Ce dernier frémit, et ses yeux se tournent vers le maître qu’il ne saurait voir. Ses lèvres s’écartent à peine, alors qu’il déclare :
« J’aurais préféré que tu ne voies pas ça.
— J’aurais préféré le savoir avant. »
Le Praedicator pose son autre main sur celle du mourant, et ce dernier cligne des yeux avant d’être pris d’une violente quinte de toux. Les postillons retombent sur son buste, les caillots bleus fument en rongeant sa bure déjà trouée.
« Il y a des voix… tellement de voix… les entends-tu, Amel ? »
Combien de fois Ylius lui a-t-il posé cette question ? Et combien de fois le jeune homme a répondu à son maître qu’il n’entendait rien ? Le Praedicator contemple le vieillard, la gorge nouée, découvrant le corps difforme qui ressemble maintenant plus à la branche d’un arbre mort que la carcasse d’un homme qui portait autrefois son poids en équipement.
« Oui, ce sont celles de Ratellante, Olem, il appelle les siens, lorsque le temps est venu. »

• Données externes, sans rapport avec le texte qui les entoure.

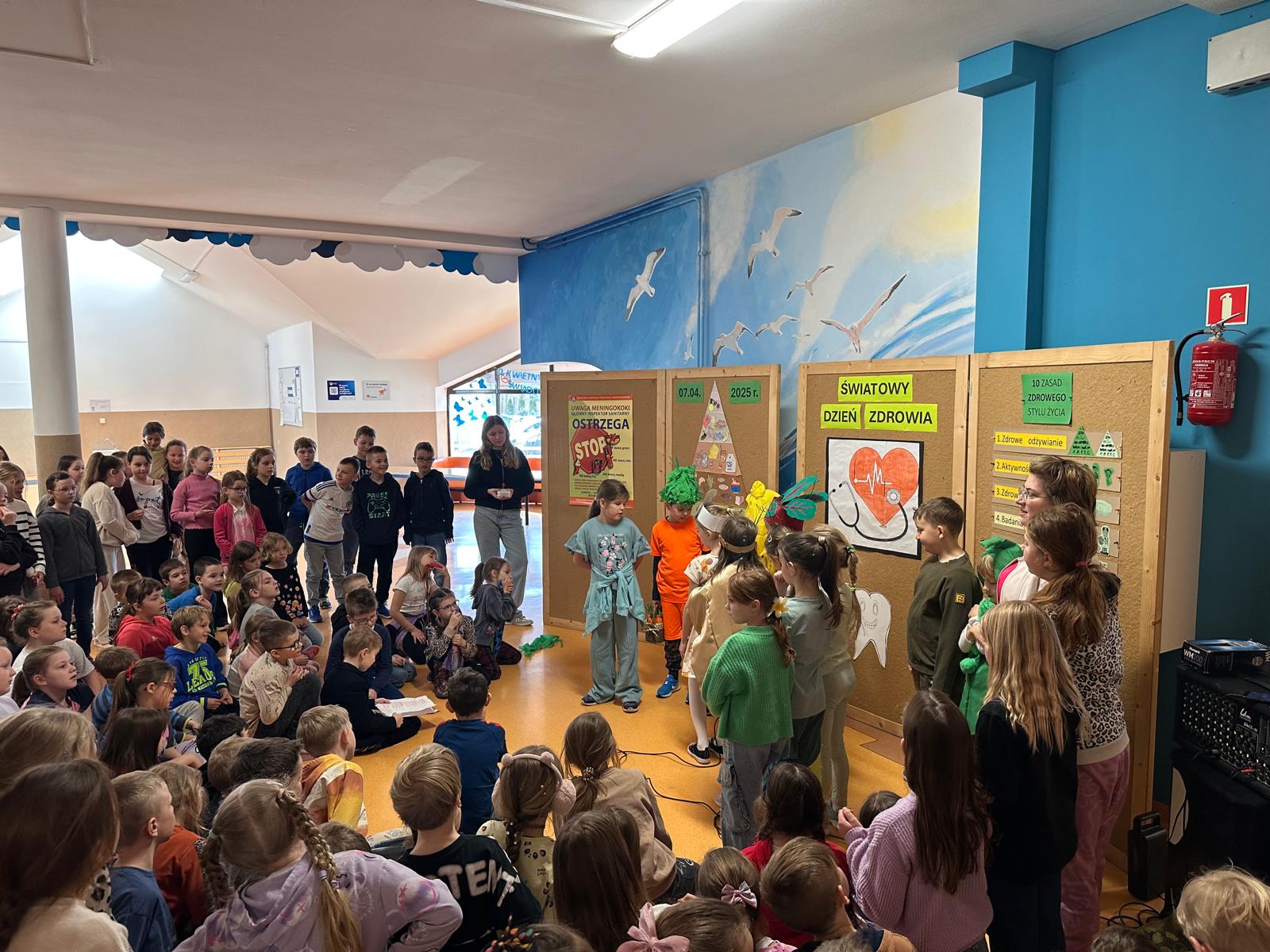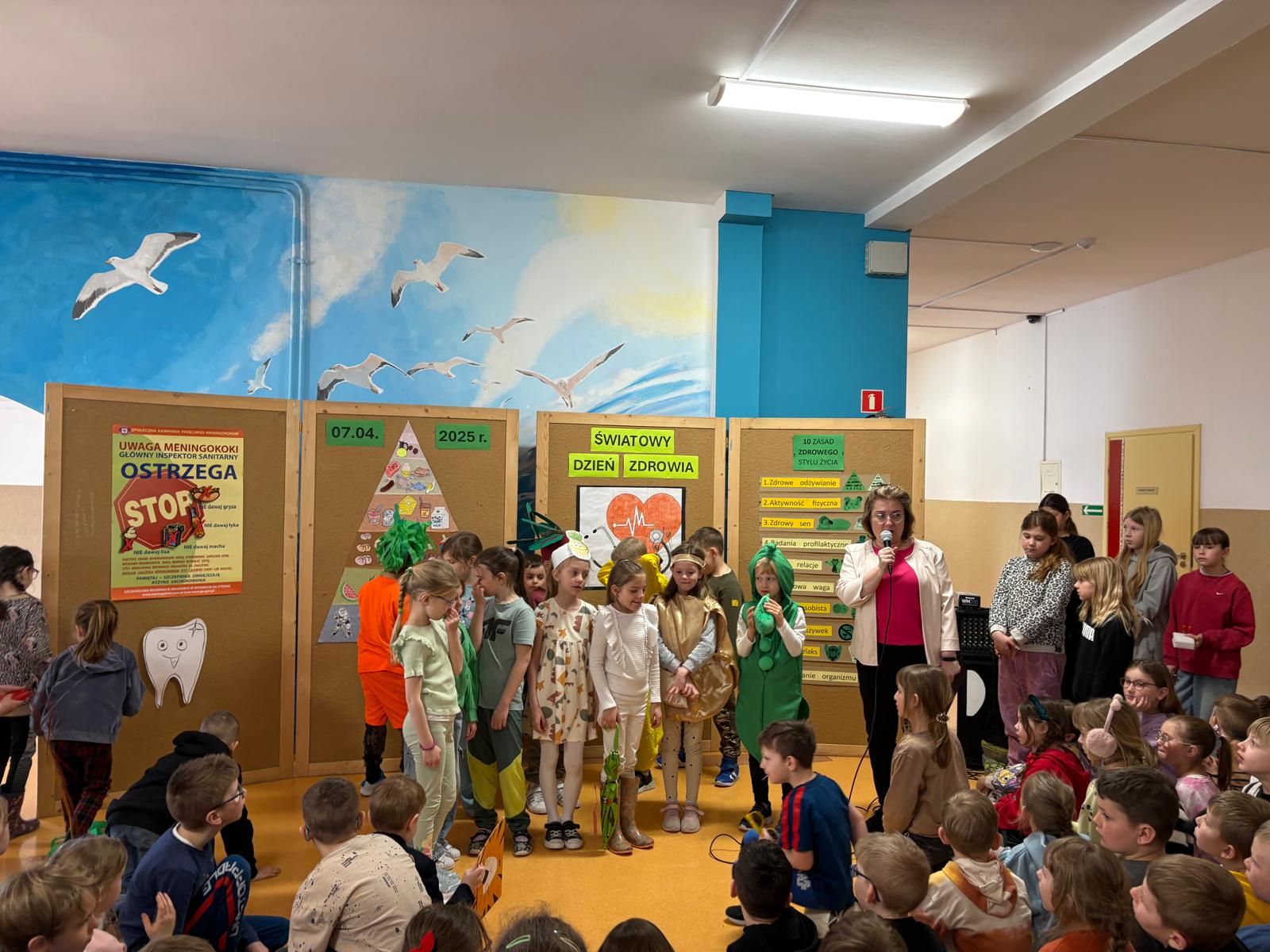 Obchody Tygodnia dla Zdrowia zakoÅ„czyliÅ›my spotkaniem, na którym przypomnieliÅ›my najważniejsze zasady zdrowego stylu życia. Klasa 1a zaprezentowaÅ‚a wiersz Jana Brzechwy „Na straganie”, który w zabawny sposób ukazaÅ‚ bogactwo warzyw i owoców. Dodatkowo, w piosence „Ruch, ruch, ruch” uczniowie przypomnieli o codziennej aktywnoÅ›ci fizycznej, zachÄ™cajÄ…c wszystkich do regularnego ruchu i zabawy na Å›wieżym powietrzu.

C’est probablement ainsi qu’il faut prendre la chose. Peut-être que le vieillard va juste s’endormir et faire le rêve d’être accueilli auprès de son Seigneur, ou alors il va partir de ce monde avec cette certitude.
Le moine sourit.
« Je suis heureux de partir maintenant, Amel, je n’aimerais pas être à la place de ceux qui restent. »
Amel lève les yeux pour regarder le visage apaisé du vieillard. Il semble que le vieil homme voit bien au-delà du plafond de bois, derrière la toiture, derrière le plafond de la caverne et même au-dessus de la montagne.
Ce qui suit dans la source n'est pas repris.